Shanmugham Road is a major road of Kochi, India, named after R. K. Shanmukham Chetty who was the Diwan of the Kingdom of Kochi from 1931 to 1945. It runs parallel to Kochi Backwaters, and popularly known as Marine Drive. It is a busy and highly commercialised street of the city, dotted with shopping centres and offices.

Initially, the road ran next to the backwaters. In the 1970s, land was reclaimed close to the road, yielding a narrow strip of prime real estate. This strip of land currently houses shopping malls and apartments. A tree lined walkway now borders the backwaters, which is a tourist attraction. More than half of the reclaimed land is left as open space, often used for gatherings, demonstrations and shows.

The road begins at the High Court Junction on the north end and ends at the Ernakulam Guest House near Broadway at the south. It continues further south as Park Avenue Road.

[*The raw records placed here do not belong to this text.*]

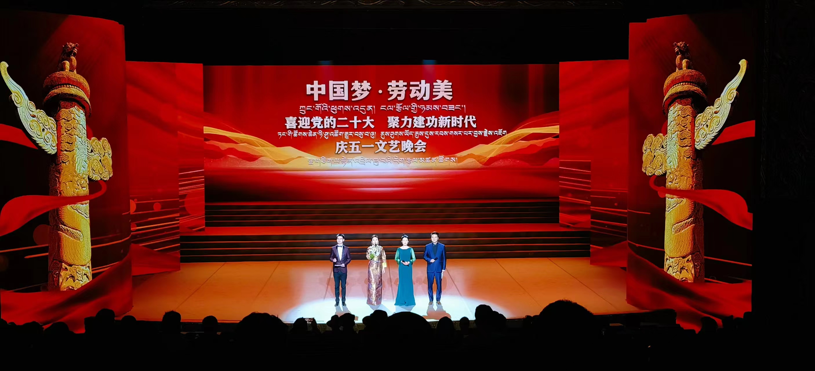 4月29日晚,藏戲藝術中心劇場內歌舞飛揚、掌聲歡騰,來自各行業各領域的勞動者們歡聚一堂,喜迎“五一”國際勞動節的到來。
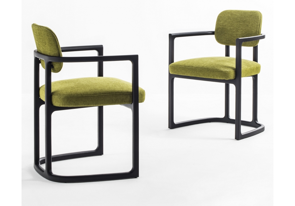 Serena designed by Emmanuel Gallina for Porada is a chair with structure in solid ash wood available in the following finishes: natural, stained or open pore matt lacquered. Covering in leather or fabric.
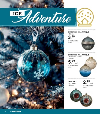 Ice CHRISTMAS BALL ANTIQUE • Ø 8 cm 3. 99 or 160 Fun Miles 252940 CHRISTMAS BALL ANTIQUE • Available in 2 colors • Ø 8 cm 5. 99 each or 240 Fun Miles 247928 DECO BALL 2. 99 • In 2 colors each • Ø 8 cm or 120 Fun Miles 248275 4 4

It is a four lane city road with a wide median separating the two carriageways. The headquarters of the Archdiocese of Verapoly is located on this road, as well as the Regional offices of State Bank of India, Federal Bank and Indian Bank. It is also home to The Gateway Hotel by Taj. Corporate office of Joy Alukkas is also located here.

This region is immensely popular for electronic goods and cosmetics.

Shanumugham road is one of the most fashionable locales in the country. There are many Shopping malls including Bay Pride mall in its vicinity.  Marine Drive Kochi ground hosts exhibitions and large meetings regularly.

Major eateries include Marrybrown at Abad Food Court in Bay Pride Mall, Sealord Hotel, Coffee Cube and SFSplus. Food Mall is also located near to Shanmugham Road at Revenue tower.